The global bifurcation picture for ground states in nonlinear Schrodinger equations

TL;DR

This paper develops a comprehensive method to identify all ground state solutions of nonlinear Schrödinger equations by extending global bifurcation theory and analyzing the structure of solution manifolds.

Contribution

It introduces a novel approach combining global bifurcation theory and local analysis to find all coherent structures supported by nonlinear wave equations.

Findings

All ground states for the nonlinear Schrödinger equation with power nonlinearity are identified.

The method effectively traces solution manifolds to discover coherent structures.

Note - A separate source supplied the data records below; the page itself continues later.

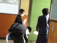 延岡市では「子どもたちに伝えたいこと事業」があり、各学校に講師の方に来ていただき、仕事や生き方についての話をしていただいています。島野浦中学校でも昨年実施し、九州保健福祉大学の先生に半紙をしていただきました。今回の東海中学校では多くの講師の方に来ていただき、複数の職業を知る機会となるものなので、一緒に聞かせていただきました。
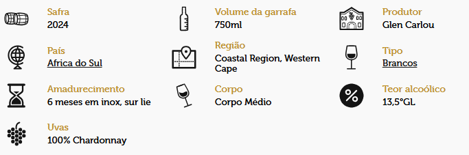 O Vinho Glen Carlou Chardonnay é uma escolha refinada para os amantes de vinhos brancos elegantes. Com aromas delicados de frutas tropicais e toques sutis de baunilha, oferece um paladar fresco e equilibrado, com final suave. Ideal para harmonizar com frutos do mar, aves e queijos leves. Descubra a sofisticação e a qualidade deste Chardonnay sul-africano, perfeito para ocasiões especiais.
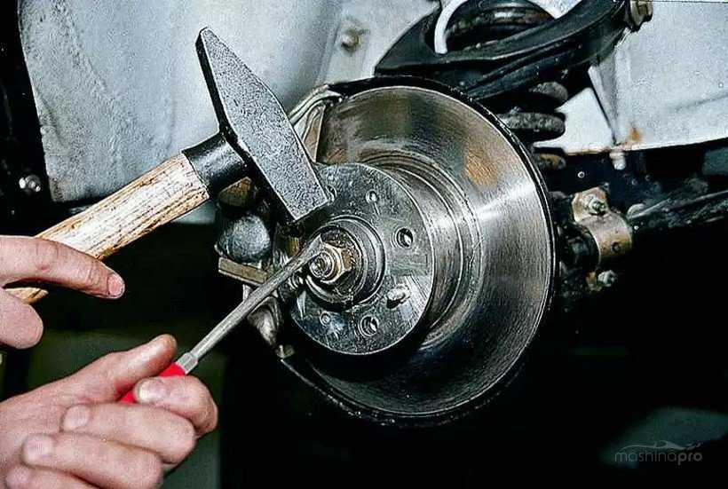 машину домкратом, снять колесо, убрать защитный колпачок. - Производится развальцовка бурта гайки ступицы.
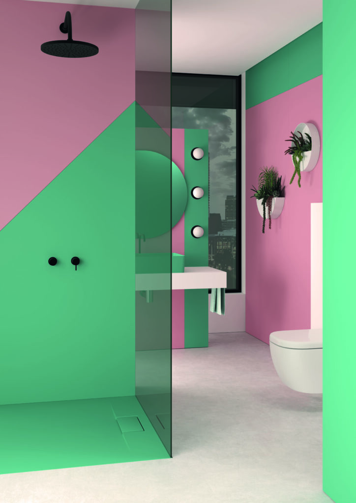 Dans cet exemple, nous montrons les panneaux Space réalisés sur mesure en finition Lisse et RAL 6034 et RAL 3015, combinés avec le receveur de douche Radiance, également en finition lisse et RAL 6034. Un concept de style créatif et pop pour les goûts les plus alternatifs qui s’étend dans toute la salle, où l’on peut apprécier plusieurs panneaux Space, ainsi qu’un lavabo Emotion en RAL 6034 et un plan vasque Energy avec une jupe en finition lisse et de couleur blanc pur, qui combine avec l’habillage Deco WC Tulip.
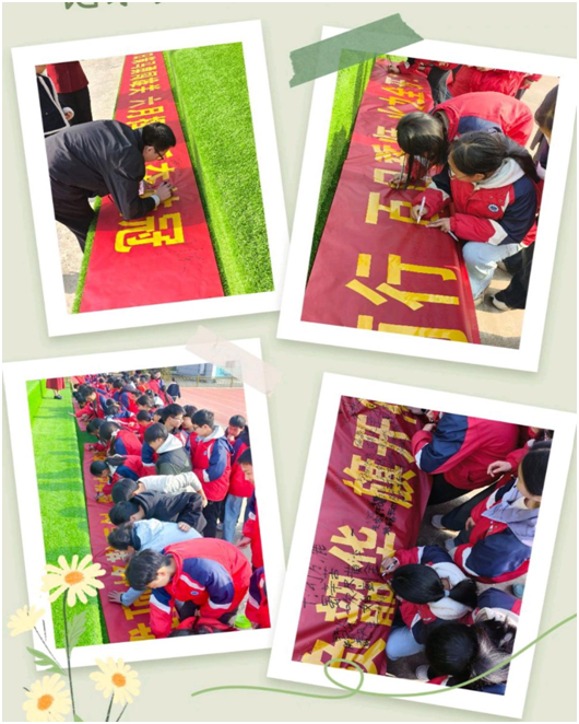 大会进入签名仪式环节,现场氛围温馨而庄重。按照“先老师、后学生”的顺序,全体师生依次走向签名墙,郑重写下自己的姓名。一笔一划间,是对梦想的坚定承诺,是对百日冲刺的庄严表态,更是对未来的美好期许。签名墙被渐渐填满,也见证着师生们共同奔赴中考的坚定决心。

Most structures are found except possibly those forming loops that do not reach the boundary.

Abstract

In this paper, we propose a method of finding all coherent structures supported by a given nonlinear wave equation. It relies on enhancing the recent global bifurcation theory as developed by Dancer, Toland, Buffoni and others, by determining all the limit points of the coherent structure manifolds at the boundary of the Fredholm domain. Local bifurcation theory is then used to trace back these manifolds from their limit points into the interior of the Fredholm domain identifying the singularities along them. This way all coherent structure manifold are discovered except may be the ones which form loops and hence never reach the boundary. The method is then applied to the Schrodinger equation with a power nonlinearity for which all ground states are identified.